Republicans on the House Agriculture Committee may make it harder for single parents to access the Supplemental Nutrition Assistance Program (SNAP).
A new provision in Republicans’ 97-page bill rolled out Monday evening allows for exceptions to the program’s work requirements for some able-bodied adults including certain married parents, without making the same considerations for single parents.
The general work requirements for SNAP benefits include registering for work, participating in SNAP Employment and Training (E&T), taking a suitable job if offered, and not voluntarily quitting or reducing work hours below 30 a week without a good reason, according to the USDA Food and Nutritional Service.
Republicans’ new bill includes a work requirement exception for an individual “responsible for a dependent child 7 years of age or older and is married to, and resides with, an individual who is in compliance” with the work requirements, but contains no equivalent exception for single parents.

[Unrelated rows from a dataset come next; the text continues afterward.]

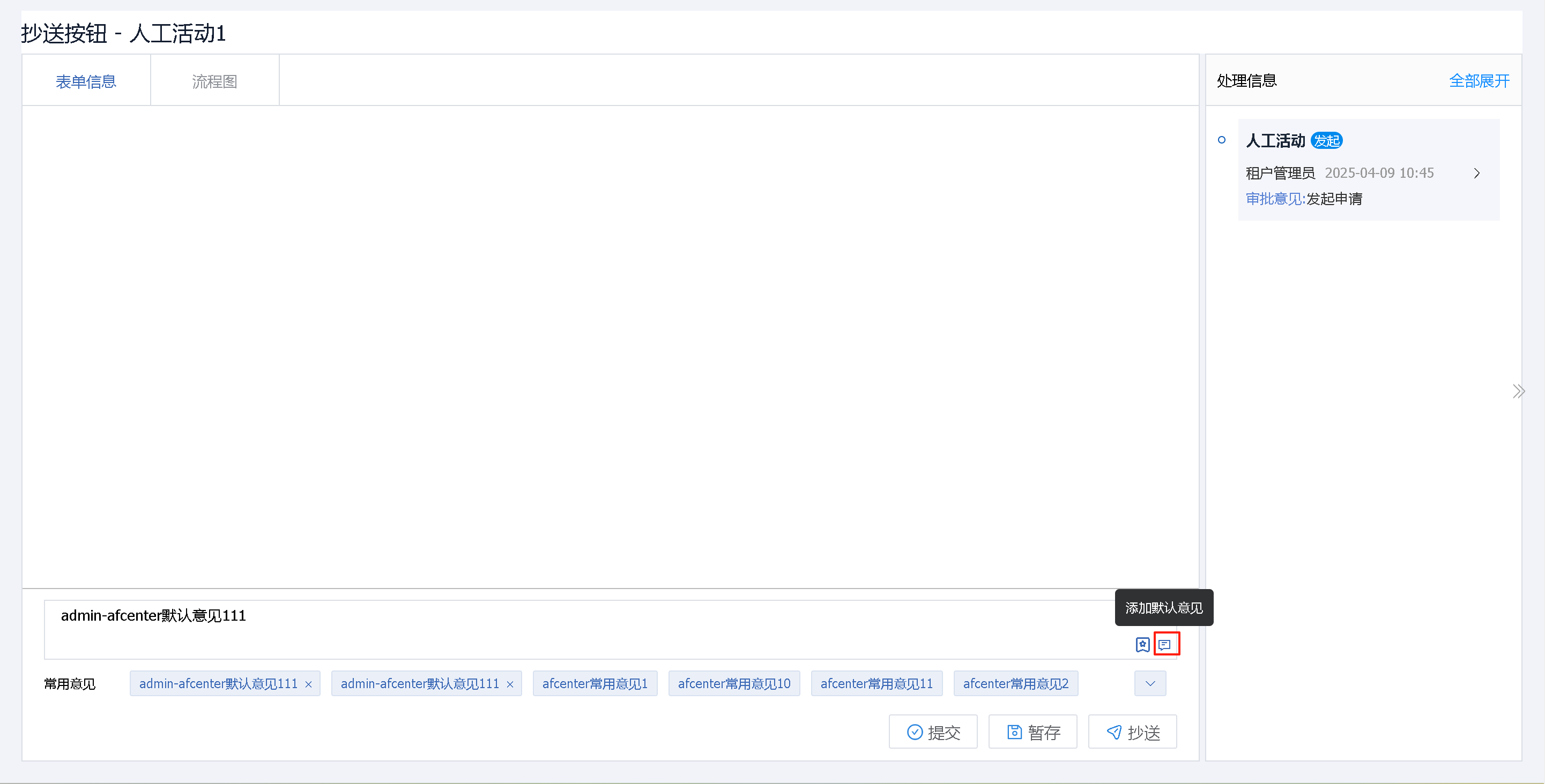 个人默认意见为用户唯一一个默认常用意见,该意见将作为当前登录用户审批时默认填写在审批意见框中。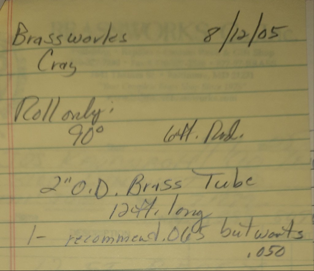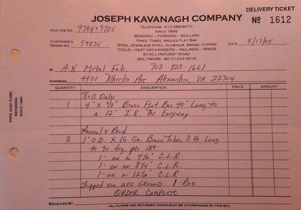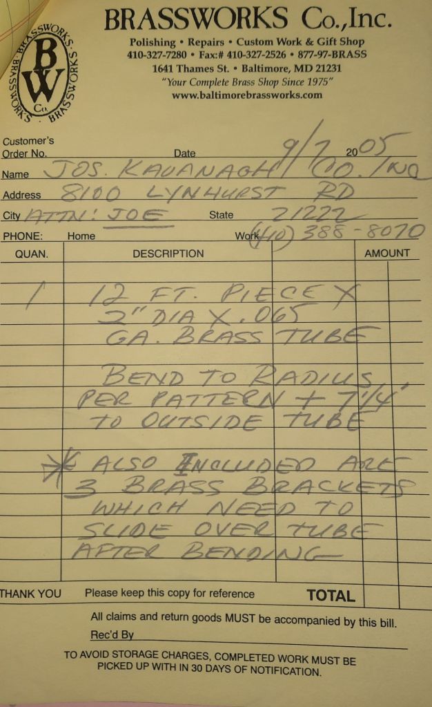 It’s a warm Friday on Lynhurst Road and I’m hoping it doesn’t rain tomorrow as predicted and cancel Joe’s soccer game. A cooling rain would be nice today because we have some tubes to fill with rosin which means torch work. We fill and melt out tubes under the porch in the back of the building. This is much better than in the building like at Central Avenue. It’s hot work but it doesn’t effect the whole Shop anymore. These tubes are for a sign job and we also roll some ornamental bars and a fancy brass foot rail for Brassworks.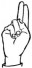 На ћирилици написано БУДИМИР РНИЋ састоји се из 11 слова [?]. Исписано ћириличном једноручном азбуком за глувонеме: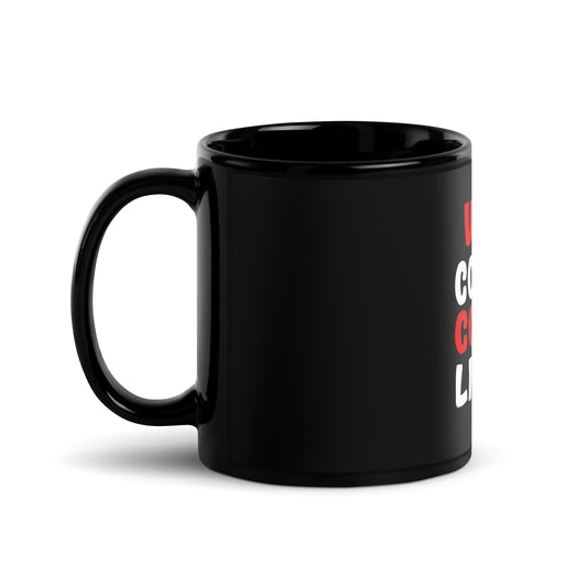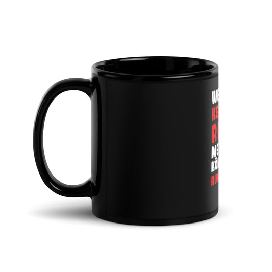 Black glossy mug "Dragon with Nordic ornaments calligraphy"

In 2022, children in single-parent families made up a 53 percent majority of SNAP recipients, according to a report from the Institute for Family Studies. A whopping 49 percent of those children are living with their mothers, four percent reside with their fathers, and six percent reside with relatives or foster parents.
On top of that, E&T requirements have created something of a Catch-22 within the SNAP benefits program. Congress’s 2018 farm bill, which permitted paid training to be a component in E&T, inadvertently resulted in significant reduction or total loss of food assistance for beneficiaries because the earnings they made ended up counting against their eligibility.
The new legislation would tighten eligibility requirements for SNAP and place a greater financial burden on states instead of the federal government, which is looking to shed millions of dollars in spending as part of the Trump administration’s cost-cutting efforts. Republicans on the House Agriculture Committee have been directed to find $230 billion in potential cuts.